Something that Häger finds very frightening, however, is how long successful attacks continue to take place after crises have actually already been resolved, for example in view of the events surrounding the Log4j vulnerability. “We put a lot of effort into this, especially at the beginning. The Log4j crisis was over, but many organizations were still vulnerable and had inadequate response capabilities. But nobody investigates it anymore,” complains the head of department from the BSI.

How to increase the speed of response?

Asked by moderator Dr. Eva-Charlotte Proll, editor-in-chief and publisher at Behörden Spiegel, what would help in view of these insights, he describes the typical procedure and decision-making process in the current, exemplary checkpoint incident: “Whether something is a crisis or not is expert knowledge. In this case, it was a flaw that was initiated and exploited by state actors.” Action was needed at the latest when the checkpoint backdoor was beginning to be exploited by other (non-state) attackers. Knowledge of this specific threat situation is also of key importance for those affected.

Also Jan Oliver Wagner once again emphasized the importance of the knowledge factor. Often the threat situation is not being discussed appropriately. At the beginning of 2024, for example, an important US authority (NIST) reduced the amount of information in its vulnerability database – a critical situation for every vulnerability management provider and their customers. Furthermore, the fact that NIST is still not defined as a critical infrastructure shows that action is needed.

The information provided by NIST is central to the National Cyber Defense Center’s ability to create a situational picture as well, agrees Färber. This also applies to cooperation with the industry: several large companies “boast that they can deliver exploit lists to their customers within five minutes. We can improve on that, too.”

Carsten Meywirth, Head of Department at the BKA, emphasized the differences between state and criminal attacks, also using the example of the supply chain attack on Solarwinds. Criminal attackers often have little interest in causing a crisis because too much media attention might jeopardize their potential financial returns. And security authorities need to stay ahead of the wave – which requires intelligence and the potential to disrupt the attackers’ infrastructure.
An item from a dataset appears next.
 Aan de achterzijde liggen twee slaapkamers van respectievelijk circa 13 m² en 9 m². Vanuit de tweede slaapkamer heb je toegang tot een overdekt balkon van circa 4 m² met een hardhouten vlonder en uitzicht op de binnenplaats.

BKA: International cooperation

According to Major General Färber, Germany is always among the top 4 countries in terms of attacks. The USA is always in first place, but states like Germany end up in the attackers’ dragnets so massively simply because of their economy’s size. This is what makes outstanding international cooperation in investigating and hunting down perpetrators so important. “Especially the cooperation of Germany, the USA and the Netherlands is indeed very successful, but the data sprints with the Five Eyes countries (USA, UK, Australia, Canada and New Zealand) are also of fundamental importance, because that is where intelligence findings come to the table, are being shared and compared. “Successful identification of perpetrators is usually impossible without such alliances,” says Michael Färber. But Germany is well positioned with its relevant organizations: “We have significantly greater redundancy than others, and that is a major asset in this fight.” In the exemplary “Operation Endgame“, a cooperation between the security authorities and the private sector launched by the FBI, the full power of these structures is now becoming apparent. “We must and will continue to expand this.”

“We need an emergency number for local authorities in IT crises”
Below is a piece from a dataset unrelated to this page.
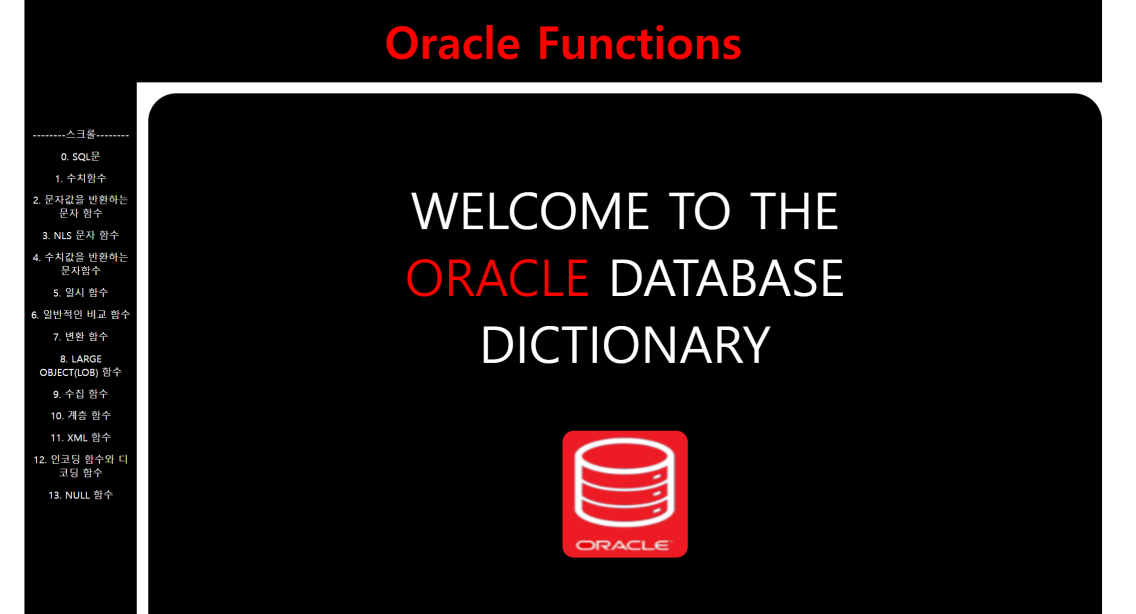 오라클의 모든 함수를 정리한 웹 페이지를 만들었다. 모든 오라클 함수들을 정리한 사이트에서 모든 오라클 함수들을 찾아내었다. 이후 Chat GPT에게 함수를 설명해 달라 하고 그 내용을 참조하였다. 실행문은 DBeaver에 실행하여 실행 결과를 확인하였다. 오라클의 모든 함수를 챕터별로 더미데이터로 만들었으며 이것을 map을 통해 전부 돌린 간단한 웹 사이트이다.

Getting ahead of the situation like this is still a dream of the future for the municipalities. They are heavily reliant on inter-federal support and a culture of cooperation in general. An up-to-date picture of the situation is “absolutely important” for them, Katrin Giebel from VITAKO reports. As a representative of the municipal IT service providers, she is very familiar with many critical situations and the needs of the municipalities – from staff shortages to a lack of expertise or an emergency number for IT crises that is still missing today. Such a hotline would not only be helpful, but it would also correspond to the definition from Wagner’s introductory presentation: “A cyber nation protects itself by helping companies to protect themselves.”

BSI: prevention is the most important thing

Even if the BSI does not see itself in a position to fulfil such a requirement on its own, this decentralized way of thinking has always been internalized. But whether the BSI should be developed into a central office in this sense is something that needs to be discussed first, explains Dirk Häger from the BSI. “But prevention is much more important. Anyone who puts an unsecured system online today will quickly be hacked. The threat is there. We must be able to fend it off. And that is exactly what prevention is.”
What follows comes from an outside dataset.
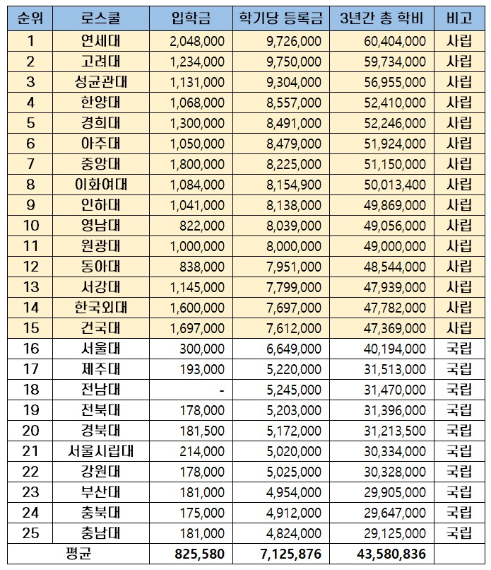연세대에 이어 고려대도 3년간 학비가 약 6천 만원(59,734천원)이고, 성균관대가 약 5천7백만 원(56,955천 원)입니다.

Wagner adds that information is key to this. And distributing information is definitely a task for the state, which is where he sees the existing organizations in the perfect role.

Sponsor wall of the PITS Congress 2024 with logos of leading IT security companies such as Greenbone, Cisco, HP and other partners from government and industry.

Contact Test Now Buy Here Back to Overview

/by
Markus Feilner

CISA warning: Serious Security Vulnerability in MS Sharepoint

Two security vulnerabilities in Sharepoint – both from last year – are currently causing trouble for Sharepoint administrators. Because attackers are increasingly exploiting a combination of the two vulnerabilities, the Cybersecurity Infrastructure Security Agency CISA is now also issuing a warning. Affected customers of the Greenbone Enterprise Feed have been warned since June 2023.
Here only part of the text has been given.